:: TASK DETAILS ::
Each line from the one containing "Closeup of the" to the end of the data must be copied exactly, the first and last included; no other lines and no pictures belong in the copy.

:: RECORDS SUPPLIED ::

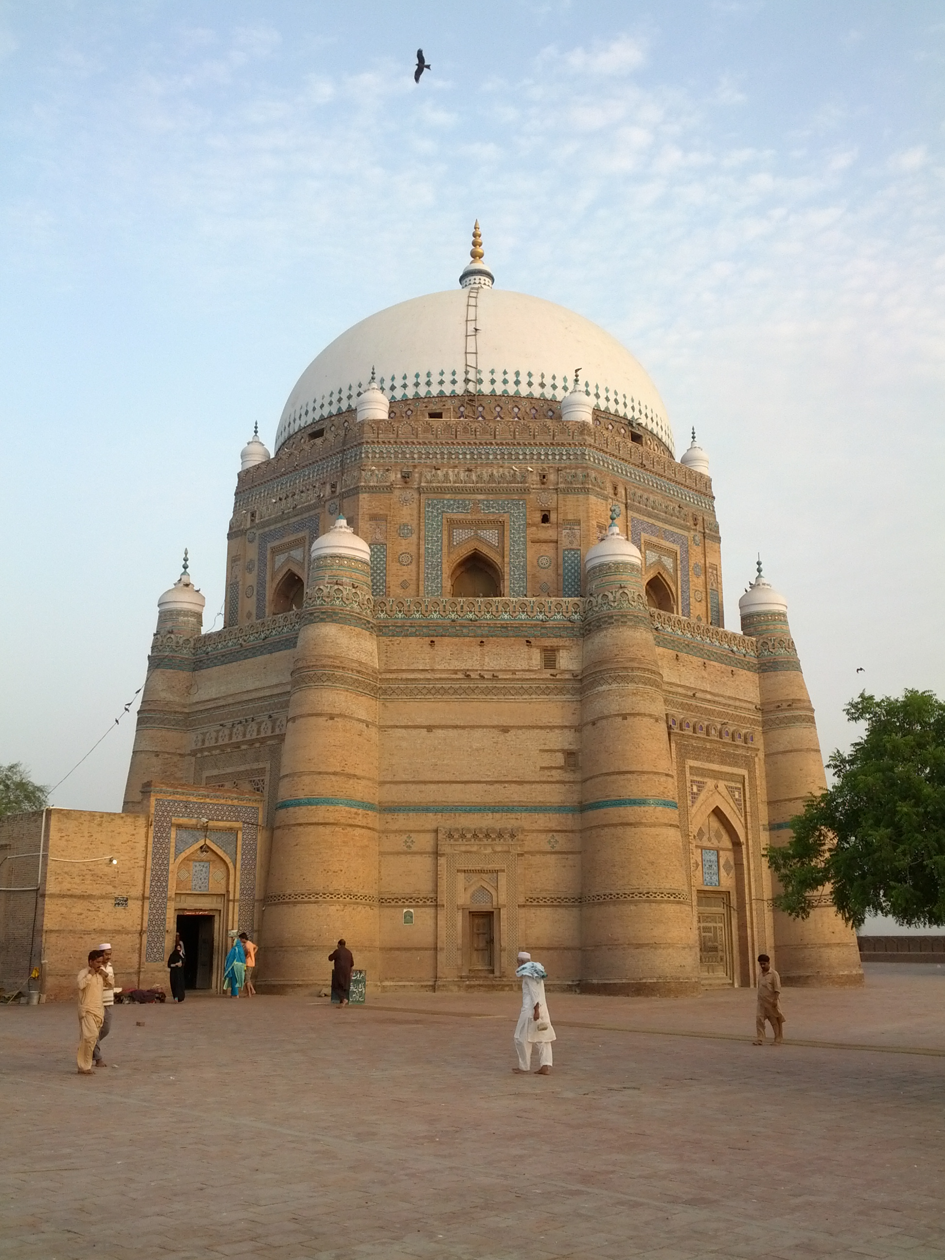 Tomb of Shah Rukn-e-Alam, Multan - Front Courtyard
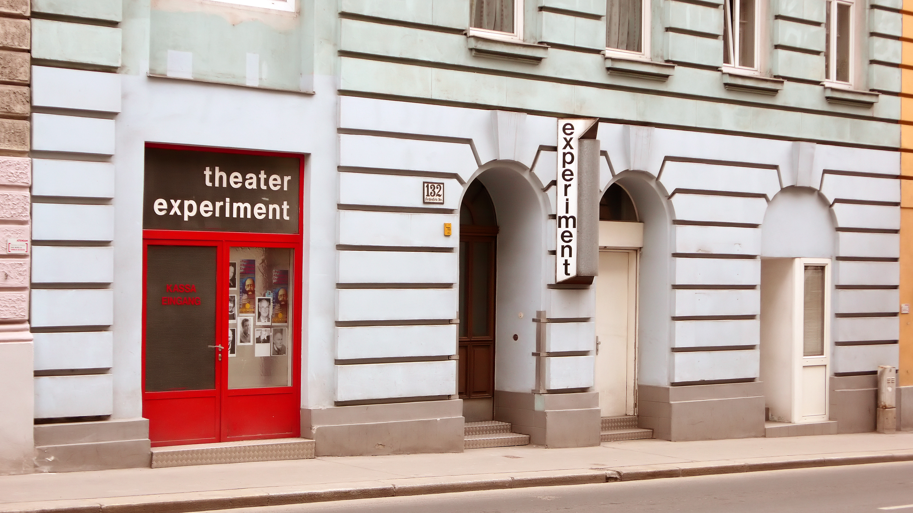 Theatre Experiment am Liechtenwerd in Vienna Alsergrund
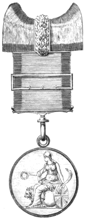 Illustration of the Army Gold Medal, issued to senior British Army officers during the Napoleonic Wars
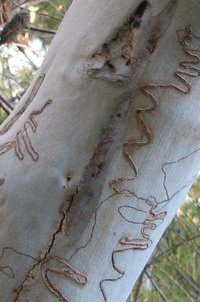 Closeup of the bark of a Eucalyptus haemastoma (Scribbly Gum).
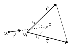 Ray triangle intersection
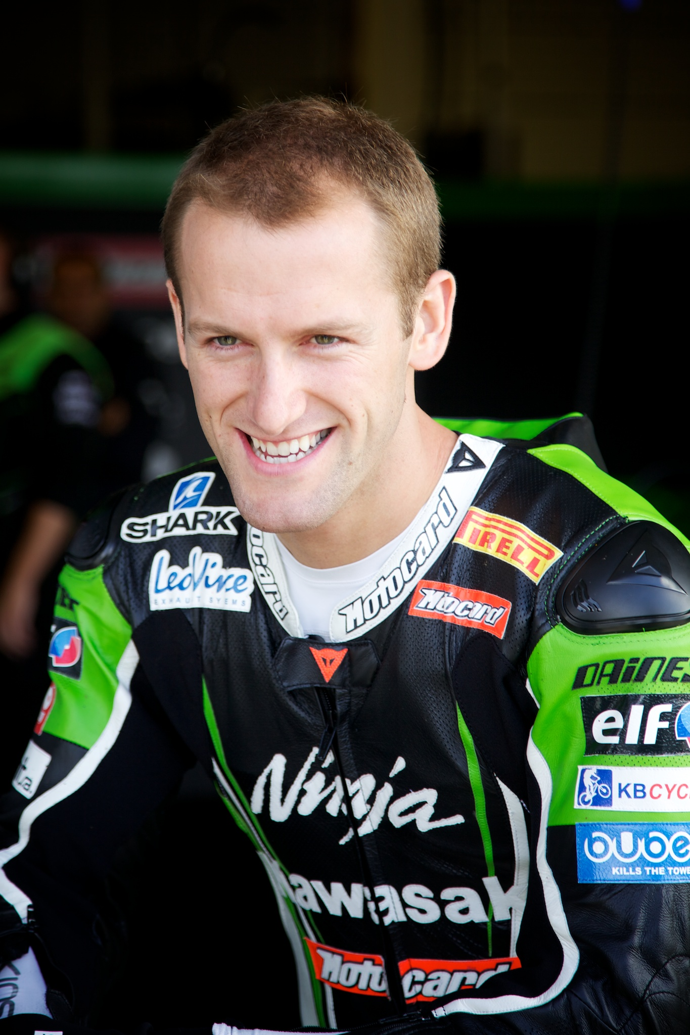 Tom Sykes, Kawasaki motorcycle racer in World Superbikes. Pitlane at Silverstone, 2012.

:: RESPONSE FOR THIS EXERCISE ::
 Closeup of the bark of a Eucalyptus haemastoma (Scribbly Gum).
 Ray triangle intersection
 Tom Sykes, Kawasaki motorcycle racer in World Superbikes. Pitlane at Silverstone, 2012.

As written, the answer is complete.